[Material provided]

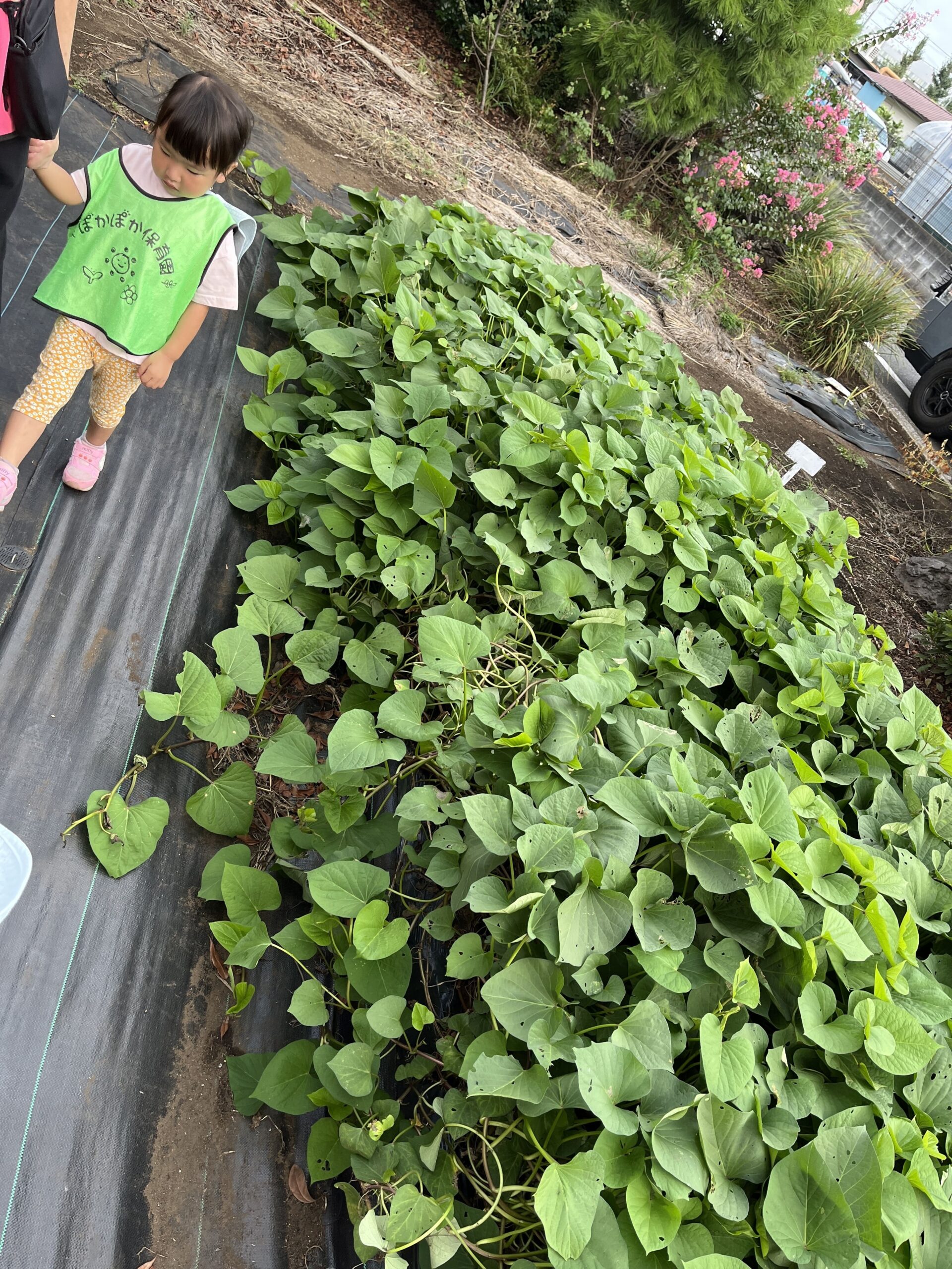 朝は畑に出向き、2歳児が植えたサツマイモの苗をじっくり観察。葉っぱやつるの伸び具合を目で確かめ、「緑がきれいだね」「大きくなってる!」と小さな声でつぶやく姿がありました。苗に触れるとひんやりした感触が手に伝わり、自然に親しむ貴重な時間になりました。
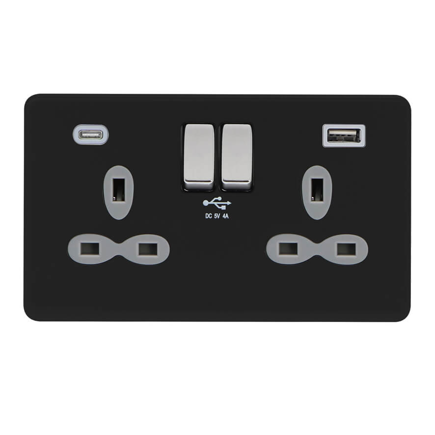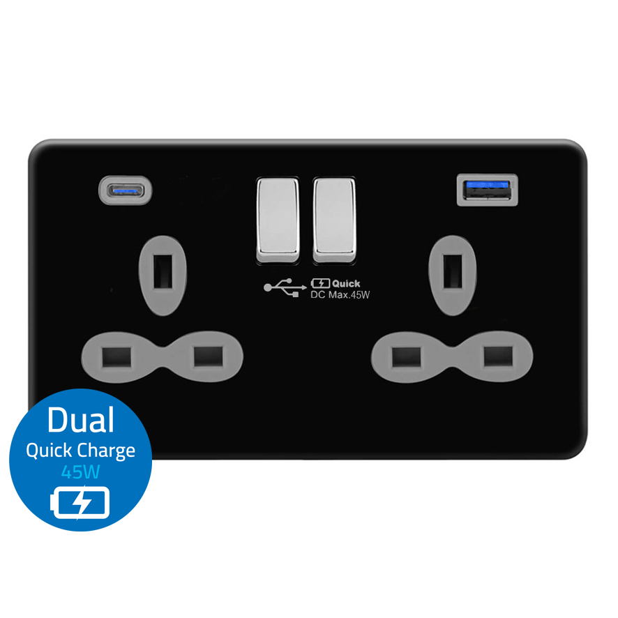 | FBC382D-ACQ | Screwless Flat Profile 2G 13A Switched Socket-DP with 4A Dual USB Charger(Type-A and C(Quick Charger)) | |
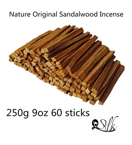 2500 Silk Art 100% Nature Original Wood Sandalwood 10cm Incense Pack 250g 60 Sticks for Yoga Zen Deep Meditation Feng Shui Air Fresh Purifying Cleansing Healing Stress Relief TXYM-250
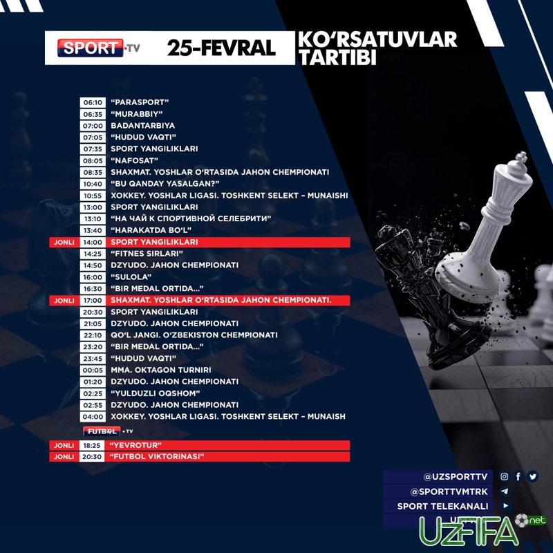 Sport va Futbol telekanallarining 25-fevral kungi ko‘rsatuvlar dasturi
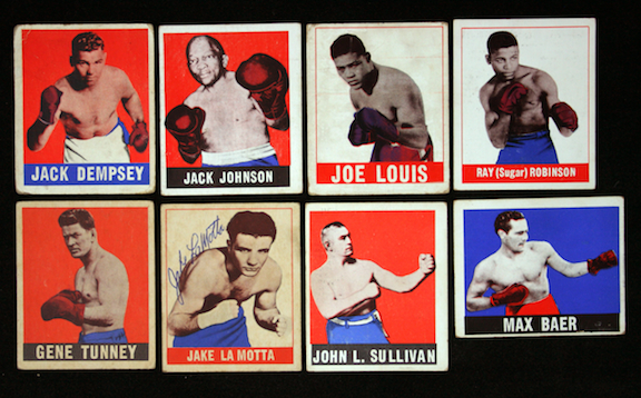1948 Leaf Boxing complete (49)-card set (GD-EX). Key cards garde: #s 1 Dempsey (VG), 9 Jeffries (EX), 17 Johnson (VG/EX), 25 Attell (VG-VG/EX), 32 Schmeling (VG/EX-EX), 38 Sharkey (VG-VG/EX), 48 Louis (GD), 55 Corbett (EX), 63 Fitzsimmons (VG), 64 Robinson (EX), 73 Tunney (VG/EX), 93 Baer (VG/EX), 101 Sullivan (EX), and 102 LaMotta (signed by LaMotta in blue ink, VG/EX). Set grades VG/EX overall. Range GD-EX
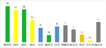 12条监控河流中,Ⅰ~Ⅲ类水质河流占5条,分别为黑茨河、颍河、汾河、惠济河、沙河。Ⅳ类水质河流占3条,为涡河、泉河、大沙河;Ⅴ类水质河流为洺河。贾鲁河、清水河、赵王河因疫情原因未参与评价。

[/Material provided]

* **Exercise**
Each line from the one bearing "2500 Silk Art" through the final line of the records is to be copied exactly, and no pictures are to be included.

* **The answer**
 2500 Silk Art 100% Nature Original Wood Sandalwood 10cm Incense Pack 250g 60 Sticks for Yoga Zen Deep Meditation Feng Shui Air Fresh Purifying Cleansing Healing Stress Relief TXYM-250
 Sport va Futbol telekanallarining 25-fevral kungi ko‘rsatuvlar dasturi
1948 Leaf Boxing complete (49)-card set (GD-EX). Key cards garde: #s 1 Dempsey (VG), 9 Jeffries (EX), 17 Johnson (VG/EX), 25 Attell (VG-VG/EX), 32 Schmeling (VG/EX-EX), 38 Sharkey (VG-VG/EX), 48 Louis (GD), 55 Corbett (EX), 63 Fitzsimmons (VG), 64 Robinson (EX), 73 Tunney (VG/EX), 93 Baer (VG/EX), 101 Sullivan (EX), and 102 LaMotta (signed by LaMotta in blue ink, VG/EX). Set grades VG/EX overall. Range GD-EX
 12条监控河流中,Ⅰ~Ⅲ类水质河流占5条,分别为黑茨河、颍河、汾河、惠济河、沙河。Ⅳ类水质河流占3条,为涡河、泉河、大沙河;Ⅴ类水质河流为洺河。贾鲁河、清水河、赵王河因疫情原因未参与评价。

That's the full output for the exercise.